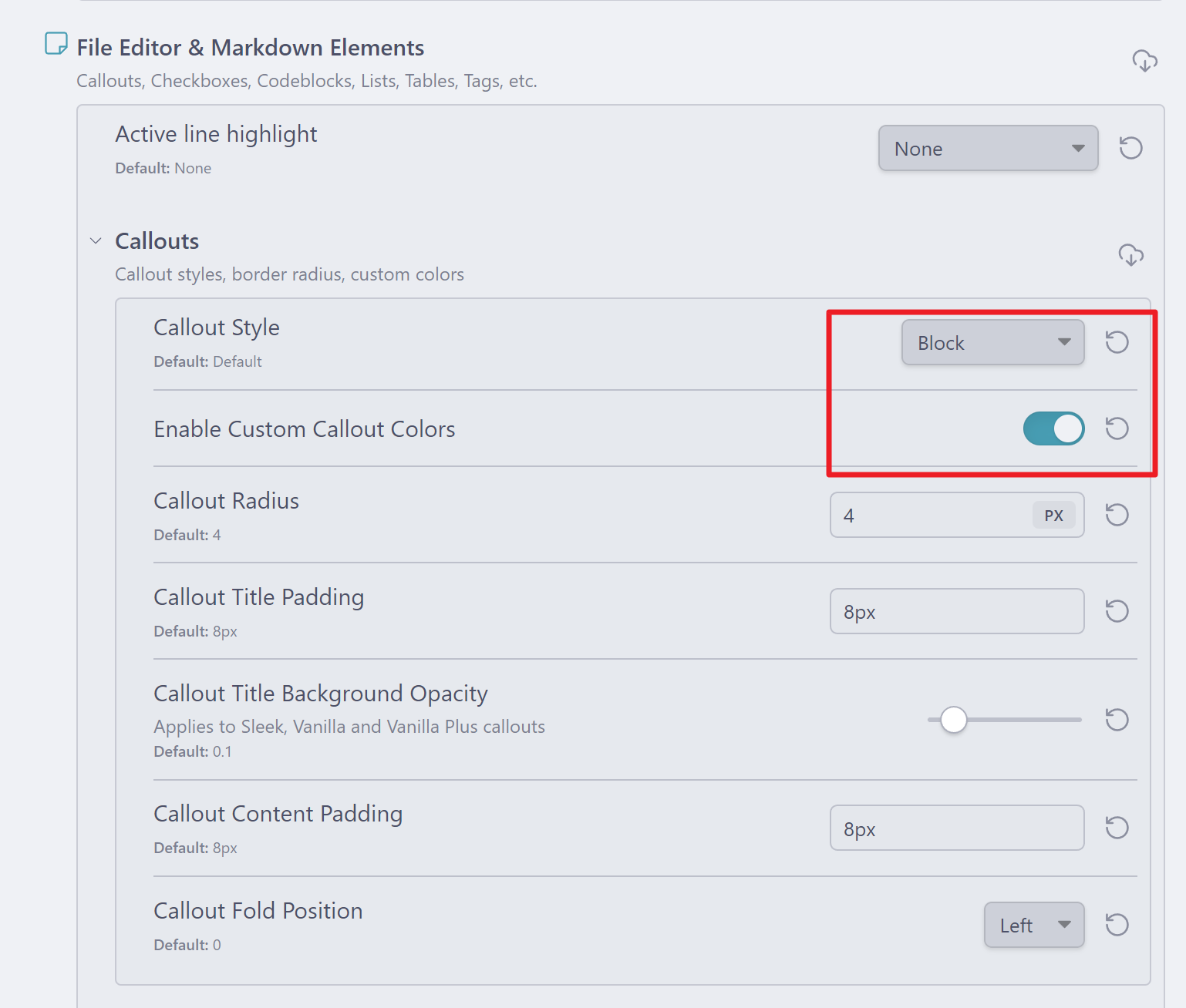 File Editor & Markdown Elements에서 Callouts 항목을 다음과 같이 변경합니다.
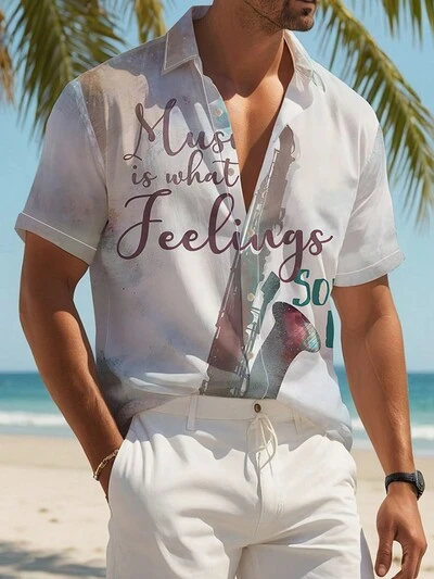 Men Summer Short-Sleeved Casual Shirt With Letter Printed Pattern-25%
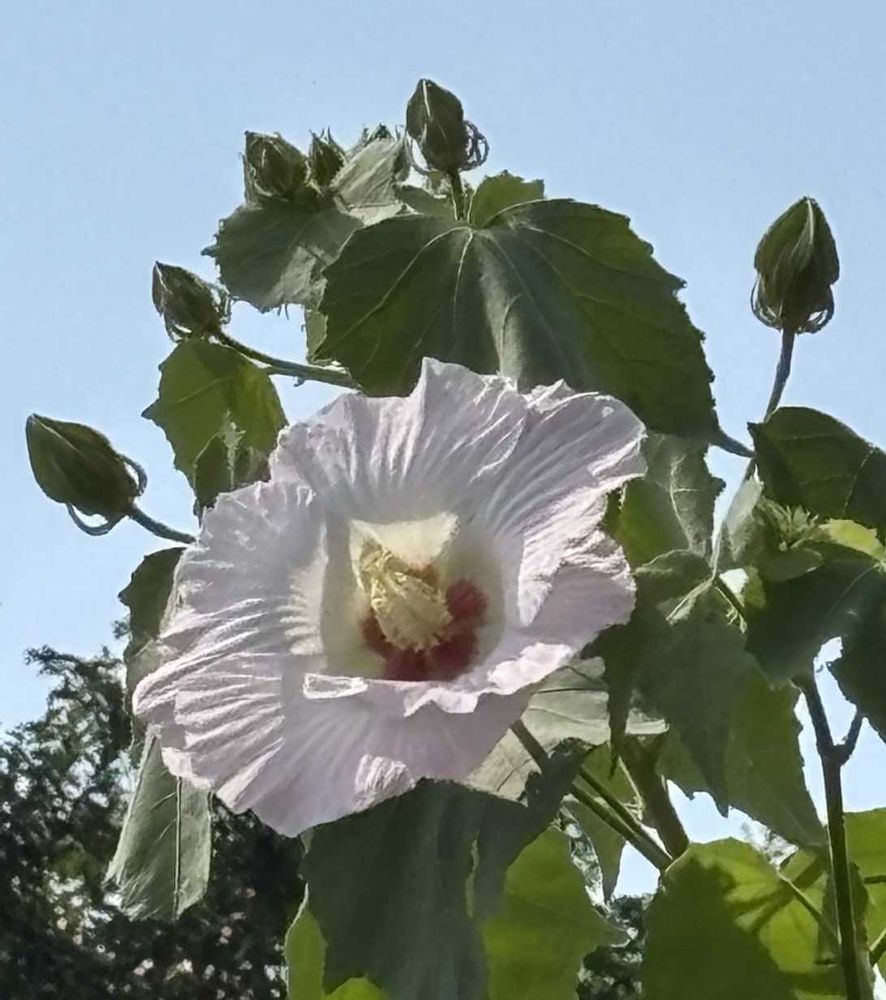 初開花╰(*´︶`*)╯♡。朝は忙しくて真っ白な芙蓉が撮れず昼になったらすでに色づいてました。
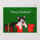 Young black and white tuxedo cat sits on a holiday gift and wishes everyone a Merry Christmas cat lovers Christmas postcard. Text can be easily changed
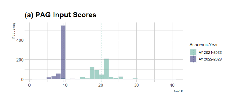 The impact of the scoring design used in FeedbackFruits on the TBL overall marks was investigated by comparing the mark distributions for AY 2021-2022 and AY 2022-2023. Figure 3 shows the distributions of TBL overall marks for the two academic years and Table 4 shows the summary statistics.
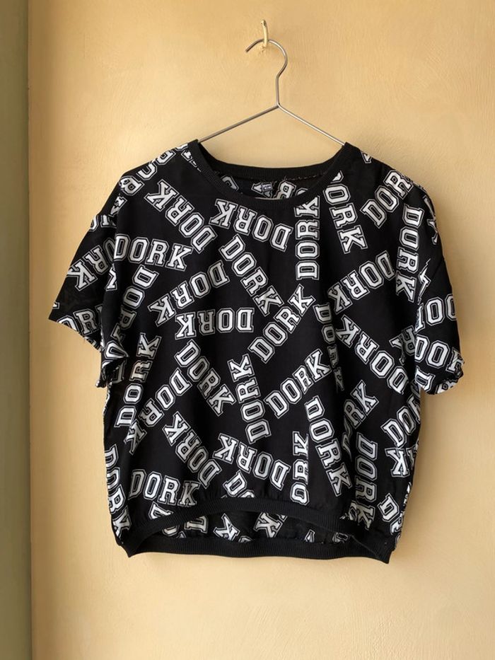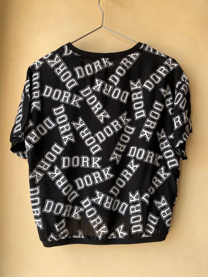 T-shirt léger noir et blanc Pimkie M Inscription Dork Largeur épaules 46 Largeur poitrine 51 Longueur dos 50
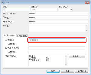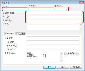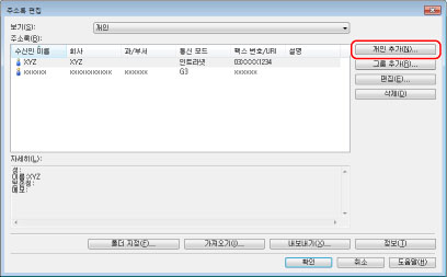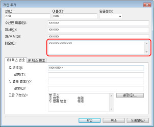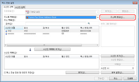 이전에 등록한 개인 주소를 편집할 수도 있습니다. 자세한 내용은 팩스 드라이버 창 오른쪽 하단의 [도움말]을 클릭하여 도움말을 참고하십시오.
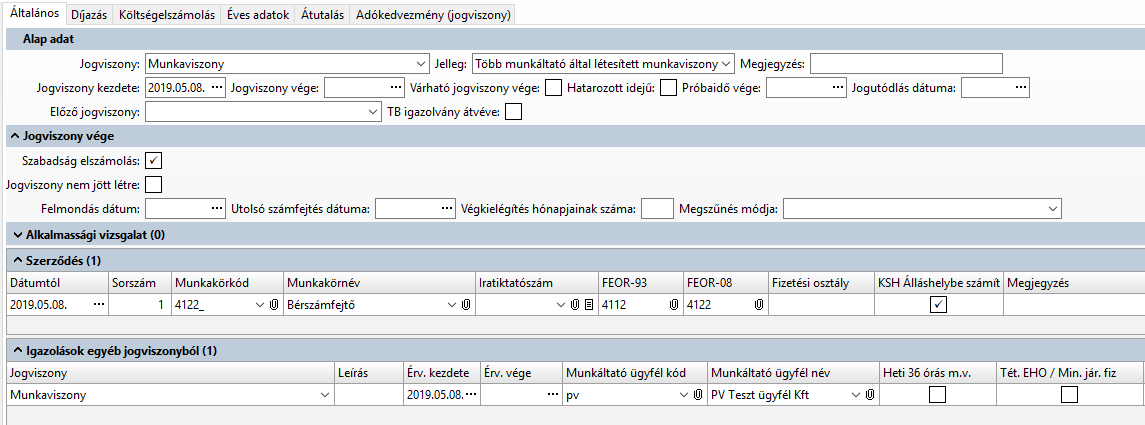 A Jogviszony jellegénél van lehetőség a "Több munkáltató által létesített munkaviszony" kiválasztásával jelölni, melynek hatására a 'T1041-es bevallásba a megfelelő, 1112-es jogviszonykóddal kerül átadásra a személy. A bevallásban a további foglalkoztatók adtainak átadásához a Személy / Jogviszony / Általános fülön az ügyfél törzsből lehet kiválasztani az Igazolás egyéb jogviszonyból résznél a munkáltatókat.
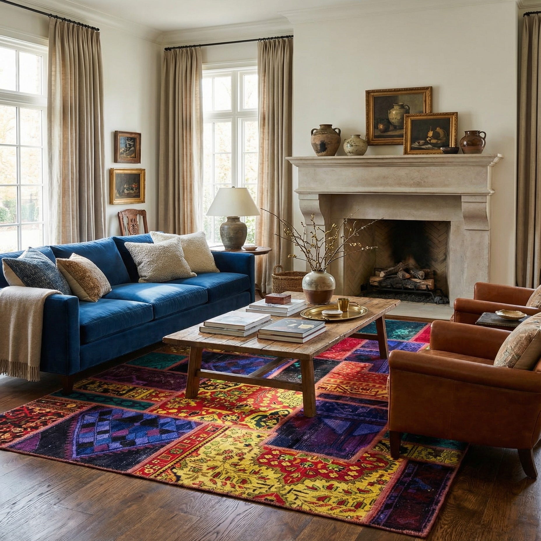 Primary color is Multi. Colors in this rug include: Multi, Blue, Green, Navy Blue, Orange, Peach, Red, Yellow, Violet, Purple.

- _To do_
Except for the pictures, set down all of the records exactly as they are.

- _Solution to this task_
 File Editor & Markdown Elements에서 Callouts 항목을 다음과 같이 변경합니다.
 Men Summer Short-Sleeved Casual Shirt With Letter Printed Pattern-25%
 初開花╰(*´︶`*)╯♡。朝は忙しくて真っ白な芙蓉が撮れず昼になったらすでに色づいてました。
 Young black and white tuxedo cat sits on a holiday gift and wishes everyone a Merry Christmas cat lovers Christmas postcard. Text can be easily changed
 The impact of the scoring design used in FeedbackFruits on the TBL overall marks was investigated by comparing the mark distributions for AY 2021-2022 and AY 2022-2023. Figure 3 shows the distributions of TBL overall marks for the two academic years and Table 4 shows the summary statistics.
 T-shirt léger noir et blanc Pimkie M Inscription Dork Largeur épaules 46 Largeur poitrine 51 Longueur dos 50
 이전에 등록한 개인 주소를 편집할 수도 있습니다. 자세한 내용은 팩스 드라이버 창 오른쪽 하단의 [도움말]을 클릭하여 도움말을 참고하십시오.
 A Jogviszony jellegénél van lehetőség a "Több munkáltató által létesített munkaviszony" kiválasztásával jelölni, melynek hatására a 'T1041-es bevallásba a megfelelő, 1112-es jogviszonykóddal kerül átadásra a személy. A bevallásban a további foglalkoztatók adtainak átadásához a Személy / Jogviszony / Általános fülön az ügyfél törzsből lehet kiválasztani az Igazolás egyéb jogviszonyból résznél a munkáltatókat.
 Primary color is Multi. Colors in this rug include: Multi, Blue, Green, Navy Blue, Orange, Peach, Red, Yellow, Violet, Purple.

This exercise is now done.